Namun, untuk mencapai tahap di mana melindungi konsumen dan pelaku e-commerce dengan UU ini sepertinya tidak akan gampang. Seperti yang kita ketahui transaksi e-commerce sudah pasti sebuah transaksi maya, walau demikian transaksi elektronik dalam e-commerce di Indonesia harus tetap tunduk pada ketentuan yang tercantum dalam UU No.8 Tahun 1999 tentang Perlindungan Konsumen. Keberadaan UU ITE dapat dijadikan partner hukum UU Perlindungan Konsumen untuk saling mendukung satu sama lainnya. Masalahnya, bagaimana jika pelaku usaha dalam e-commercetersebut tidak berada pada wilayah domisili yurisdiksi Indonesia. Inilah yang kemudian disebut sebagai salah satu kelemahan penggunaan UU Perlindungan Konsumen dalam transaksi e-commerce. UUPK secara tegas menekankan bahwa aturan tersebut hanya dapat diberlakukan kepada pelaku usaha yang bergerak di dalam wilayah hukum Republik Indonesia.

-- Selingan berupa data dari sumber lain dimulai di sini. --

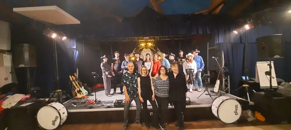 Stage formation country Line dance à Mûr de Bretagne. Guillaume Richard, Daren Bailey, Guylaine Bourdages, Kate Sala et l orchestre des Rusty Legs.

Selain itu, secara jelas menyebutkan bahwa prinsip utama transaksi elektronik adalah kesepakatan atau dengan ”cara-cara yang disepakati” oleh kedua belah pihak (dalam hal ini pelaku usaha dan konsumen). Transaksi elektronik mengikat para pihak yang bersepakat sehingga dalam sudut pandang perlindungan konsumen, konsumen yang melakukan transaksi elektronik dianggap telah menyepakati seluruh syarat dan ketentuan yang berlaku dalam transaksi tersebut. Hal ini berkenaan dengan klausula baku yang disusun oleh pelaku usaha yang memanfaatkan media internet. Artinya, hak pelaku usaha e-commerce dilindungi begitu pembeli menekan “I agree”, tetapi belum tentu bagi konsumen. Di sini letak ketidakseimbangan bagi konsumen.
Belakangan bermunculan desakan-desakan untuk melakukan revisi atas UU ini. Diharapkan memang akan dilakukannya perubahan sehingga nantinya perundang-undang mengenai transaksi online semakin jelas dan dapat berlaku adil bagi pihak pembeli maupun penjual di dunia maya.